In a similar way, Joseph Smith’s most prolific period for recorded revelations corresponded exactly with his translation or revision of the Bible.[61] Like Swedenborg, Joseph Smith systematically worked his way through the Bible, noting changes and doctrinal corrections or clarifications. His vision of the three degrees of glory was reported as a direct outgrowth of that translation endeavor.

Quinn and John Brooke refer to “the seven heavens of Jewish mysticism,” “angelology,” “magic books,” “a wide range of occult influences” as the possible seedbeds for Emanuel Swedenborg’s and Joseph Smith’s descriptions of heaven.[62] Perhaps their extensive and impressive sifting through this type of esoteric source material is more complicated than it needs to be. Swedenborg could have been prompted to consider a three-tiered heaven simply through reading Paul’s intriguing mention of “a third heaven” in 2 Corinthians 12:1–4, verses Swedenborg quoted (and personalized) on several occasions. Joseph Smith could have derived his description of three glories from Paul’s description in 1 Corinthians 15:40–42, the very verses that he employed to explain his vision. In fact, the Bible became the source by which Joseph Smith verbalized his revelation.

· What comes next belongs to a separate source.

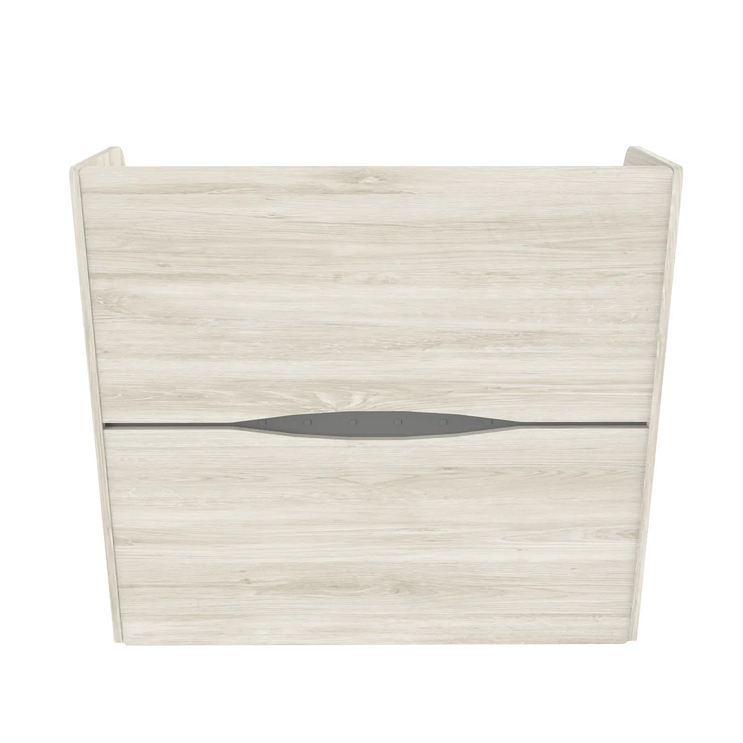 Recepción con cubiertas en tablero de partículas de madera estándar de 19 mm con densidad equivalente al MDP,resistente a impactos de 10 newt/cm2. Resistencia de abrasión de 250 CLS, resistencia PDM estrés n-mm2 entre 2 y 30 newton/mm2, recubrimiento por ambas caras con papel decorativo saturado con resinas melaminicas. Laminado en baja presión termo fusionado al tablero acabado texturizado bajo los estándares de inspección continua (MCIE). Terminadas con cubre cantos de PVC 1mm semi rigido de alta presión y TFM flex-curve, acabado laqueado, superficie posterior cóncava. Resistencia al impacto de 100 lb flexibilidad del 32 % elong, regatòn nivelador. Sistema de ensamble sin requerimiento de herramientas, basado en un dispositivo de unión auto sujetable, que permite un ensamble fácil y resistente que cumple con las pruebas (EEM) para armado y desarmado sin perder estabilidad.
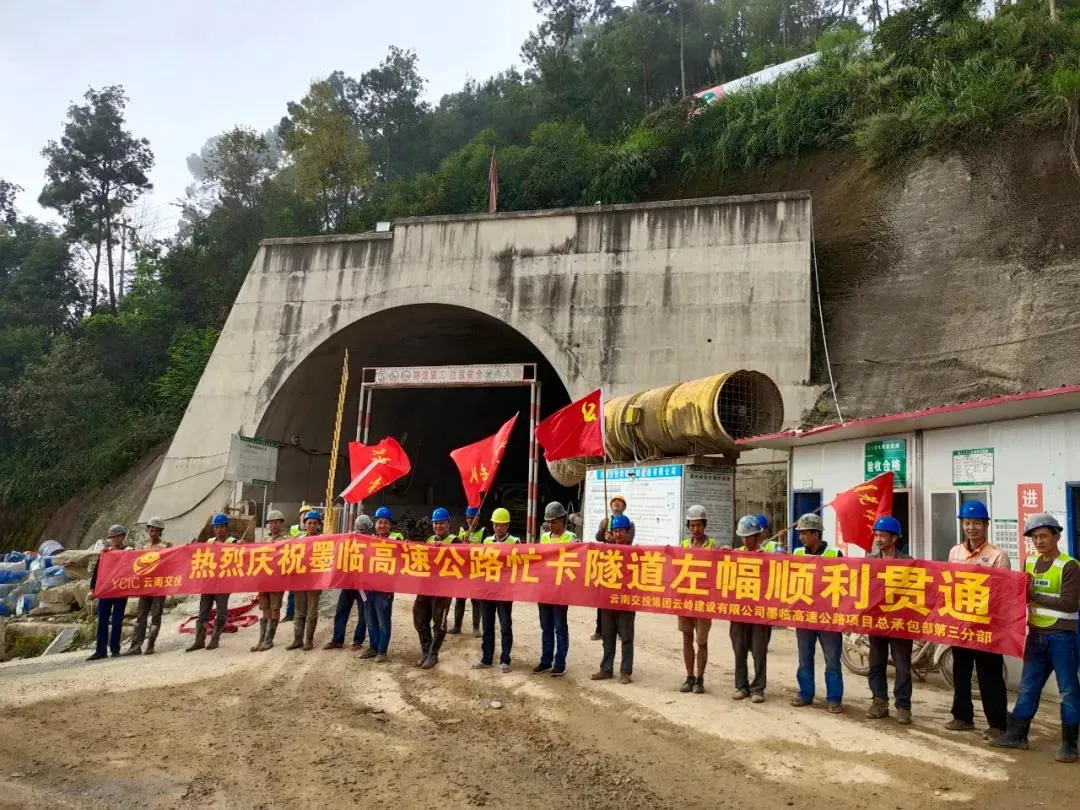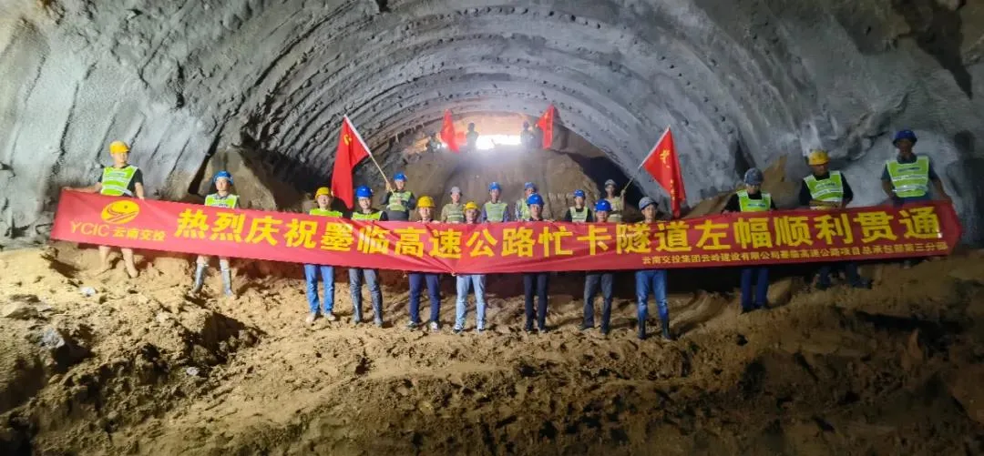 11月8日,墨临高速公路控制性工程忙卡隧道左幅顺利贯通。忙卡隧道为分离式长隧道,全长1220米,最大埋深90.25米。忙卡隧道左幅的顺利贯通,进一步改善了工地现场的运输条件,打通了师家寨和王家村两个施工区域的通道,为后续的路面施工创造了有利条件。

In the end, then, it seems difficult to describe Joseph Smith’s recorded vision of heaven as a magical or occult exposition on life after death, if “magical” and “occult” are taken to mean extrabiblical or non-Christian. Instead, Joseph Smith’s revelation is thoroughly connected to the Bible, even if his extrapolations from those biblical passages are admittedly unique. And while Swedenborg’s writings on heaven have an undeniably distinct feel from Doctrine and Covenants 76, in that Swedenborg rarely adopts direct biblical phraseology, and the poetic freedom of his writing often feels disconnected, it still can be argued that his idea of three heavens could be primarily an expansive interpretation that begins at a biblical starting point.

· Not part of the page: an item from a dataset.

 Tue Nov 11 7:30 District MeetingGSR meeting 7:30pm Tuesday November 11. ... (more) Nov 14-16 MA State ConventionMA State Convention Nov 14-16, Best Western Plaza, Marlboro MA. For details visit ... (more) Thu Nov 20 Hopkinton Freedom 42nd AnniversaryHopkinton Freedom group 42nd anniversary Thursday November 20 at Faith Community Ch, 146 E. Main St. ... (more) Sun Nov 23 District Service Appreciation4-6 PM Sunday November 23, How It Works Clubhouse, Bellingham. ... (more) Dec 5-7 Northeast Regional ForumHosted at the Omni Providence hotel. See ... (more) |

Therefore, this exercise can lead us finally to consider generally the Bible and the idea of influence as it relates to early Mormonism. Jan Shipps, Richard Bushman, and Philip Barlow, in reviewing Brooke’s The Refiner’s Fire, all settled on a similar observation about his thesis of hermetic influences on Joseph Smith. In the words of Jan Shipps, “Although [Bushman and Barlow] apparently did not compare notes about what they would write, both . . . pointed to Brooke’s failure to recognize how much of what he described as hermetic or occult came directly from the New Testament.”[63] Shipps then adds, “Brooke concentrates too much on the recondite and radical aspects of this new faith. At no point does he acknowledge that the religious and cultural situation into which Mormonism made its way was one in which . . . authority continued to rest in the Bible—the Bible alone, sola scriptura.[64] The suggestion that Swedenborg appealed to Joseph Smith because of a transmitted hermeticism thus neglects a crucial aspect of Doctrine and Covenants 76: that revelation is more than anything else a blending of literal readings of the Bible into a revolutionary view of heaven. And in that quality of being revolutionary perhaps more than in anything else, Emanuel Swedenborg and Joseph Smith were alike.

Notes

[1] Craig L. Blomberg and Stephen E. Robinson, How Wide the Divide? A Mormon and an Evangelical in Conversation (Downers Grove, IL: InterVarsity Press, 1997), 177.

[2] Brigham John Bowen, “Present in the World of Glory: Joseph Smith and Early Nineteenth-Century Views of Heaven,” in Richard Lyman Bushman, ed., Archive of Restoration Culture: Summer Fellows’ Papers, 2000–2002 (Provo, UT: Joseph Fielding Smith Institute for Latter-day Saint History, Brigham Young University, 2005), 102.

[3] Colleen McDannell and Bernhard Lang, Heaven: A History (New Haven, CT: Yale University Press, 1988), 313. See McDannell and Lang, Heaven, 183, for a fuller description of what they mean by “modern heaven.” See Bowen, “Present in the World of Glory,” 99–100, for a thoughtful summary of this portion of McDannell and Lang’s work.

[4] Bowen, “Present in the World of Glory,” 103.

[5] Bowen, “Present in the World of Glory,” 103.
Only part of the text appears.